Just returned from a long trip, with new MH (Autotrail), and I have noticed that on the rear of the unit a few cracks have appeared, I have spoken to the dealer he states that this is normal !! and that they can be repaired.

Has anyone else suffered such a situation ?


----------



## cabby (May 14, 2005)

Who was the dealer then, Br****ills. :lol: :lol: 

cabby


----------



## SpeedyDux (Jul 13, 2007)

"It is normal" or "They all do that, Sir" is standard ploy to fob off the customer No. 1. 

Sets off the bovine ordure detector every time. :evil: 


SD


----------



## Pudsey_Bear (Sep 25, 2008)

I'd be a rabbit with negative euphoria if that happened to mine.

Kev.


----------



## erneboy (Feb 8, 2007)

Autotrail have had that problem for some time, try searching you should able to find threads about it, Alan.


----------



## teamsaga (Feb 26, 2006)

The dealer is right, they can usually be repaired . BUT unfortunately they often come back , sometimes they are caused by stress during assembly and repairing the crack does not eliminate the problem. 
good luck


----------



## DTPCHEMICALS (Jul 24, 2006)

How old is your new autotrail

My 2005 cheyenne has loads of cracks. Most appeared over winter 2008
When i visited a well known Newark dealer the sugested it was normal.

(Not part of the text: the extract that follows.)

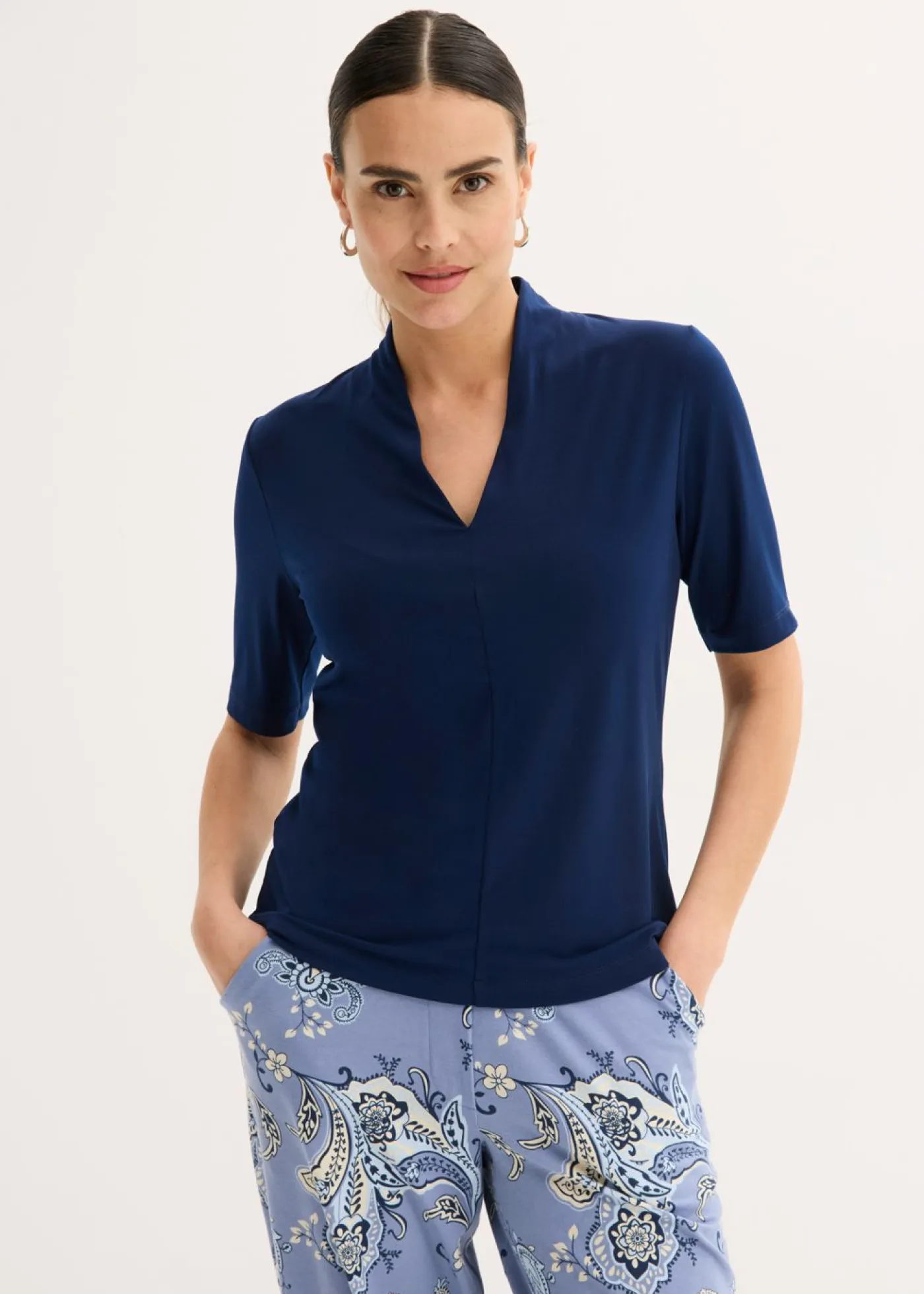 Elegante camiseta con cuello chimenea y escote en V.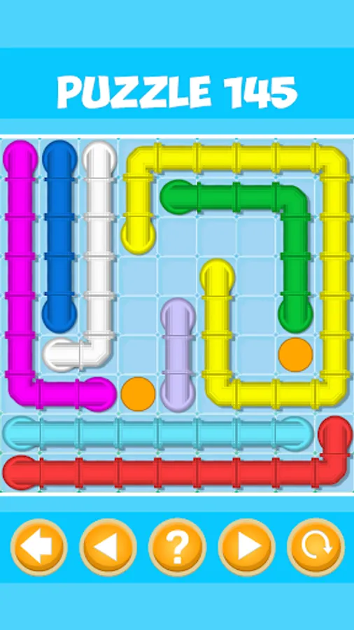 Connect dots with matching colors to create a pipe connection. Pair all dots with the same color and cover the entire board with pipes to solve each puzzle. But watch out, pipes will break if they cross or overlap!

Expensive piece of poor quality kit to replace, with no guarantee of no cracks appearing again.


dave p


----------



## Zebedee (Oct 3, 2007)

teamsaga said:


> The dealer is right, they can usually be repaired . BUT unfortunately they often come back .


Yep. They surely do. :roll:

I reckon the repair stimulates their hormones, as I'm sure mine have bred several generations since then. 8O 8O 8O

Dave


----------